Her alliance with Caesar was cut short on the Ides of March, the day of Caesar's murder. Their union may fairly be described as at least a contributing factor to the motives of the conspirators who killed him in the name of preserving a republic. "If one prefers not to be perceived as a king, one is ill advised, for starters, to spend one's time consorting with a queen," Schiff notes wryly.
Cleopatra then moved on to Mark Antony, who at the time had military control of the East. Again, Cleopatra's romantic goals and political goals were intertwined. Antony's fall, though, took Cleopatra with him. Schiff spends some time on the days after his death when Cleopatra isolated herself and planned her suicide.
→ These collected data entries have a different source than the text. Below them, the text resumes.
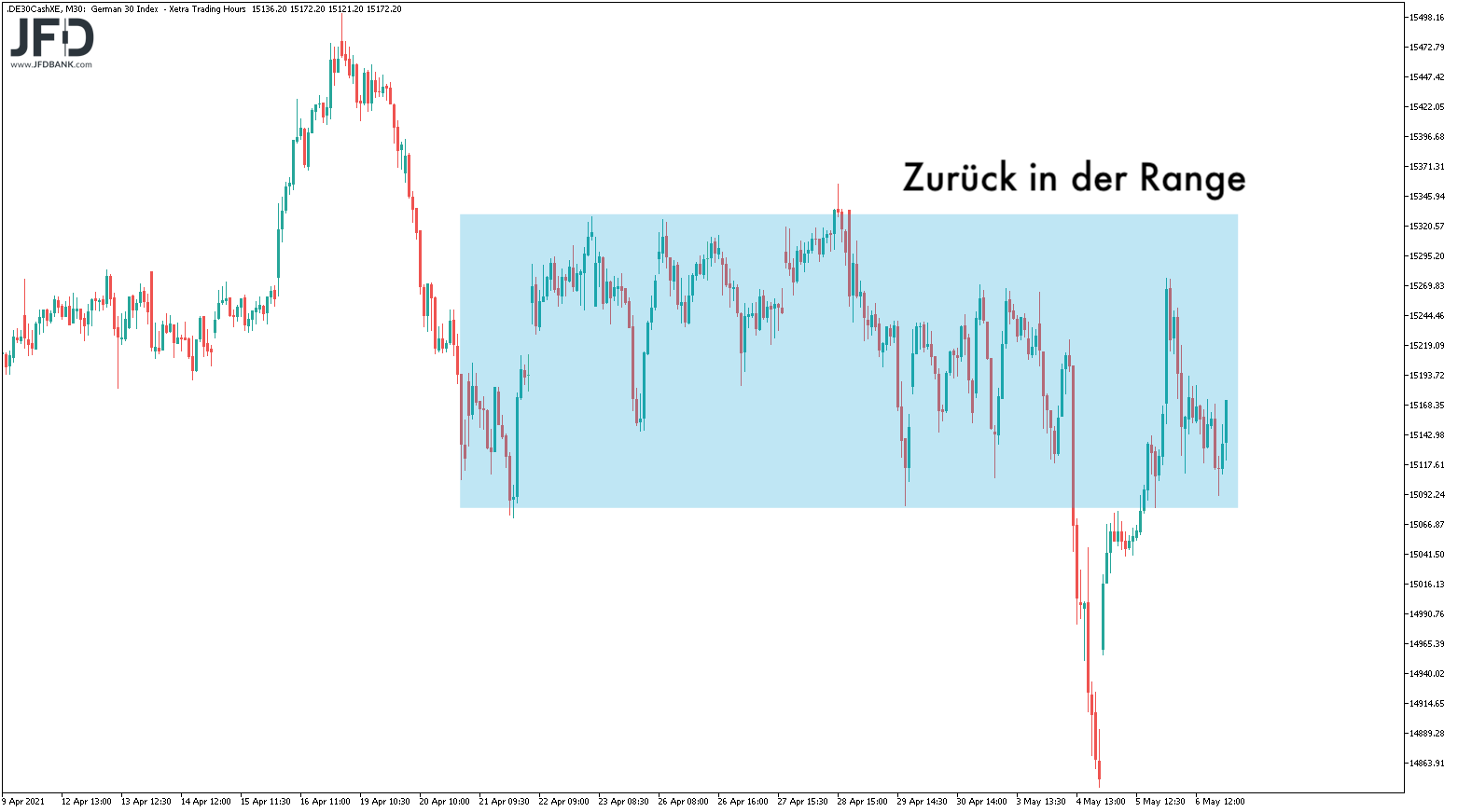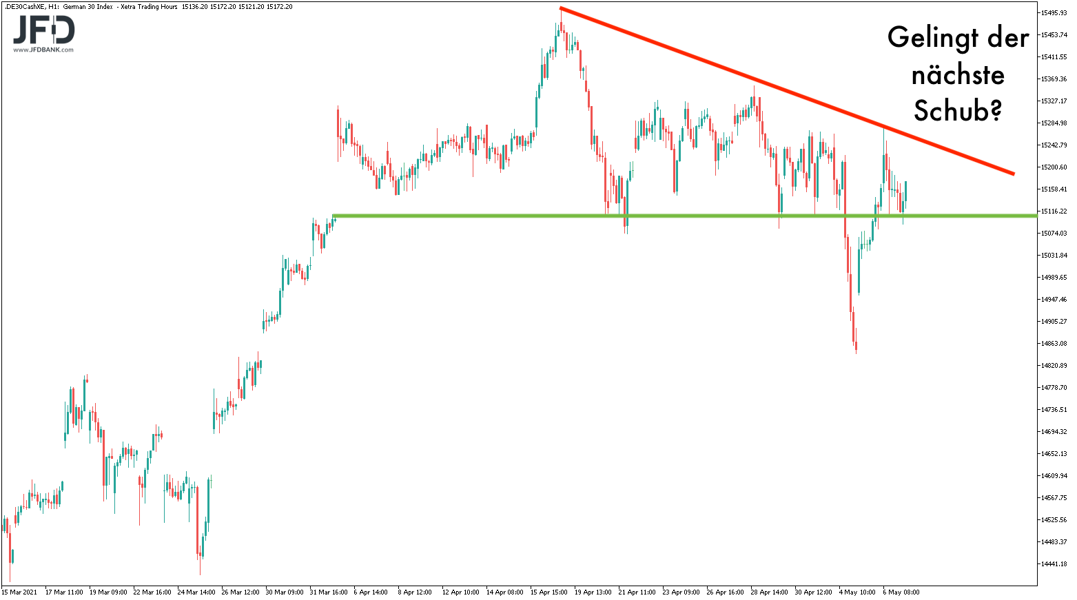 Dort traf der Index auf die Abwärtstrendlinie, beginnend vom Rekordhoch. Ein Rücksetzer folgte, der noch einmal die untere Range-Kante zurück in den Fokus der Anleger brachte. Diese hielt nach Eröffnung der Wall Street und diente letztlich als Ausgangspunkt für einen neuen Anlauf zur Range-Oberseite.
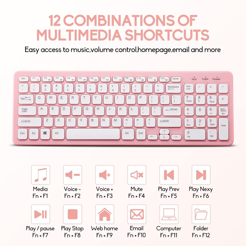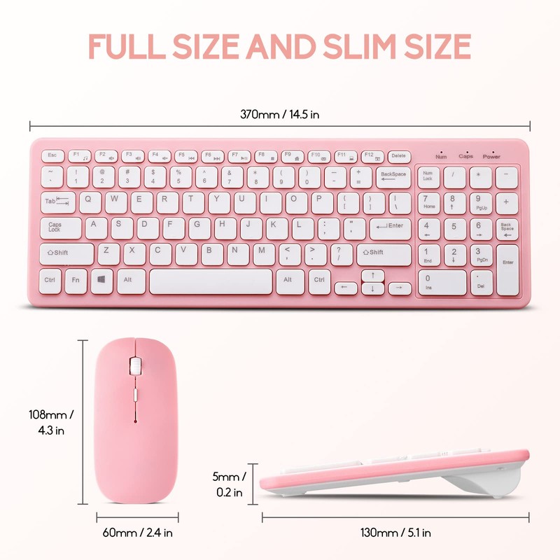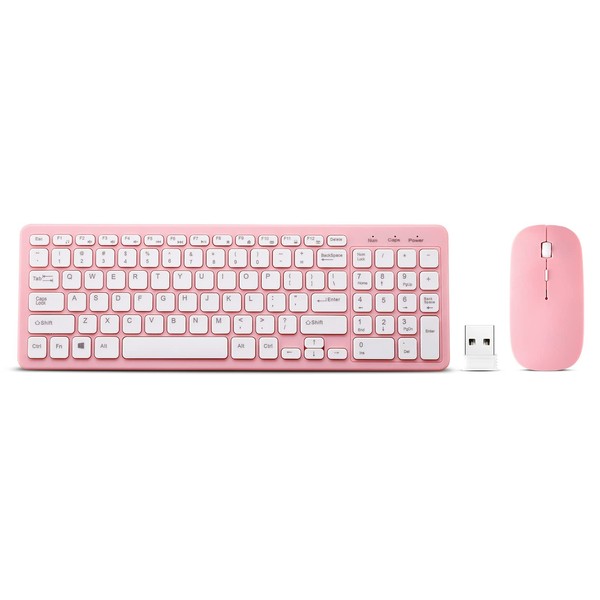 Wireless Keyboard and Mouse Combo, Compact Quiet Wireless Keyboard and Mouse Set 2.4G Ultra-Thin Sleek Design for Windows, Computer, Desktop, PC, Notebook, Laptop (Pink)
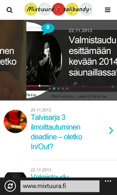 En itsekään juuri koodaa tai olen päätoiminen nettisivujen tekijä mutta mm. Joomla, Drupal ja WordPress sekä myös Sharepoint tarjoavat ko. ympäristöä ja sen päälle sitten mobiiliteema jolla ko. asiat onnistuvat, ilman ohjelmointia eri päätelaitteille. Vastaavasti Mixtuuran pääsivu näyttää mobiiliselaimella (zoomaile sormea liikuttamalla) tältä:
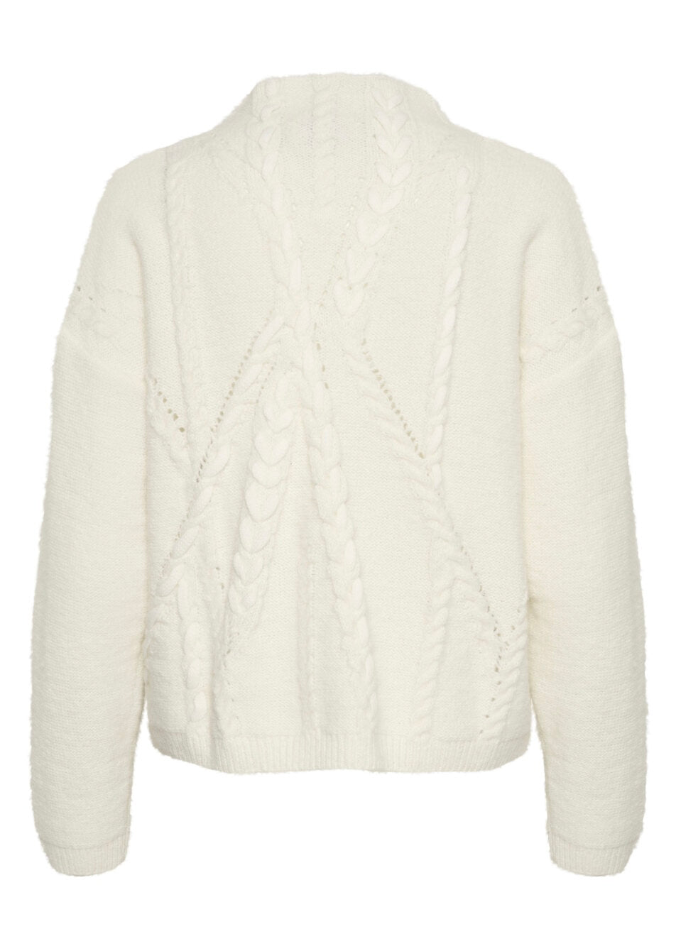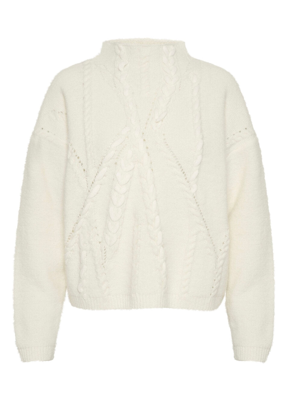 Flot hvid strik fra My Essential Wardrobe. Strikken har en løs pasform, høj hals og lange ærmer.

The most pleasing aspect of Schiff's biography is a fine sense of balance. She reminds us of the particulars of the ancient world we might have forgotten, but she also assumes we have some familiarity with world history and doesn't get bogged down in the basics. She tells us when she thinks the source materials get it right or wrong. She is authoritative while open to other interpretations. And she answers fun questions, like what happened to the wives of Julius Caesar and Mark Antony while the men were hanging out with Cleopatra?
"As has been pointed out, there were no plain, unvarnished stories in antiquity. The point was to dazzle," Schiff writes in her introduction. "I have not attempted to fill in the blanks, though on occasion I have corralled the possibilities. What looks merely probable remains here merely probable — though opinions differ radically even on the probabilities. The irreconcilable remains unreconciled. Mostly I have restored context." Schiff's restoration reveals a finer portrait of the woman known as Cleopatra.